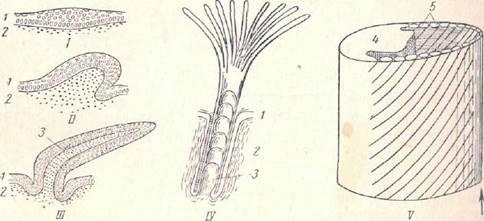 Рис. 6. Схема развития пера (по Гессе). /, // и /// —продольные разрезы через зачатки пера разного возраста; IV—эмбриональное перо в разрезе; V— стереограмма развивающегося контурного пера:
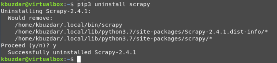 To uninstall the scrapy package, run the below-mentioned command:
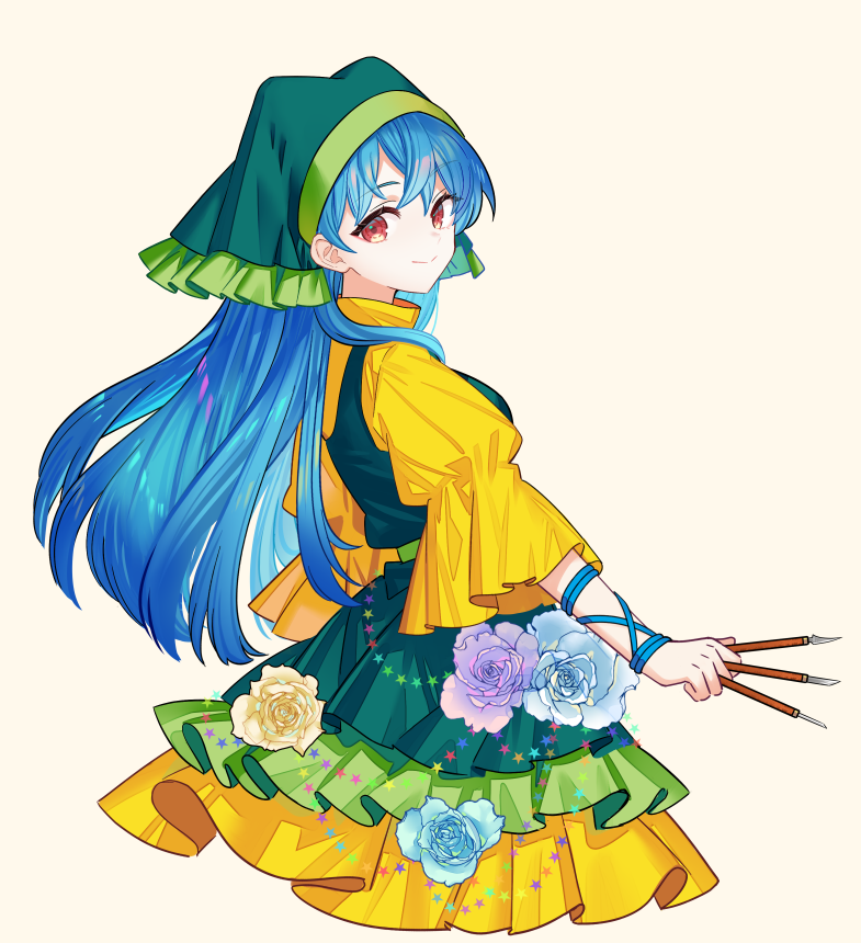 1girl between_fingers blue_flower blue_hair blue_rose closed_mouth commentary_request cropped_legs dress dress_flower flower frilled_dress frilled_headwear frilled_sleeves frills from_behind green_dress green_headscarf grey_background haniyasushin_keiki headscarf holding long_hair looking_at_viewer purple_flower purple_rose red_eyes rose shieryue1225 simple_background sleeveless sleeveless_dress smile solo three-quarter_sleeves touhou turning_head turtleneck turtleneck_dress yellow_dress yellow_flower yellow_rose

==

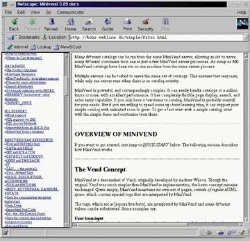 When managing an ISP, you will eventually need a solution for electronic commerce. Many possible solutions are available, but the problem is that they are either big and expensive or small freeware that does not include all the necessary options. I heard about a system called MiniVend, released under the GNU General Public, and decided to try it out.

--

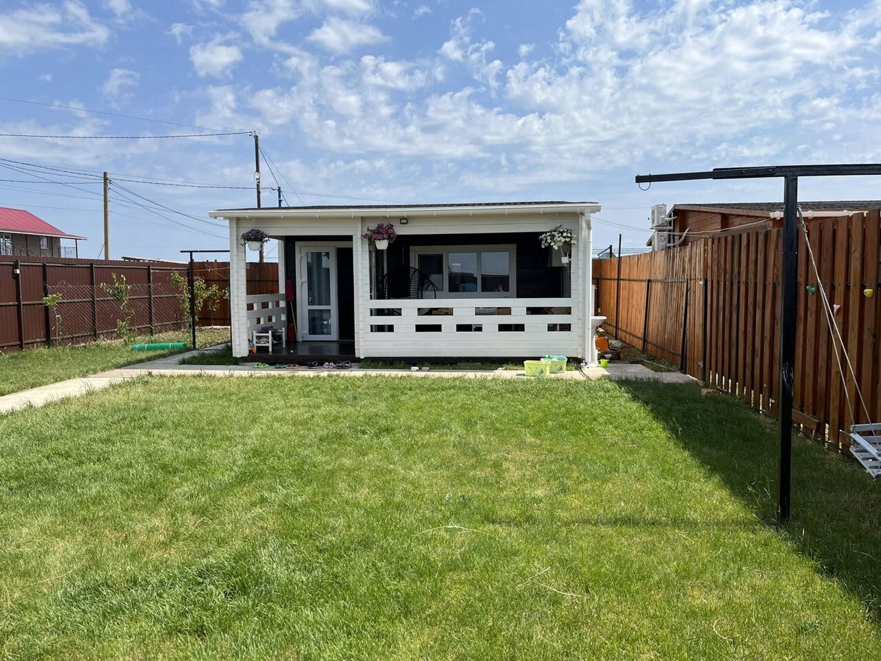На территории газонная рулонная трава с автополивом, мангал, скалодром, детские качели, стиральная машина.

- Exercise objective
Leaving out all pictures, set down exactly the lines of the material above, from the line with "Рис. 6. Схема" to the line with "To uninstall the" inclusive, and no others.

- Answer section
 Рис. 6. Схема развития пера (по Гессе). /, // и /// —продольные разрезы через зачатки пера разного возраста; IV—эмбриональное перо в разрезе; V— стереограмма развивающегося контурного пера:
 To uninstall the scrapy package, run the below-mentioned command:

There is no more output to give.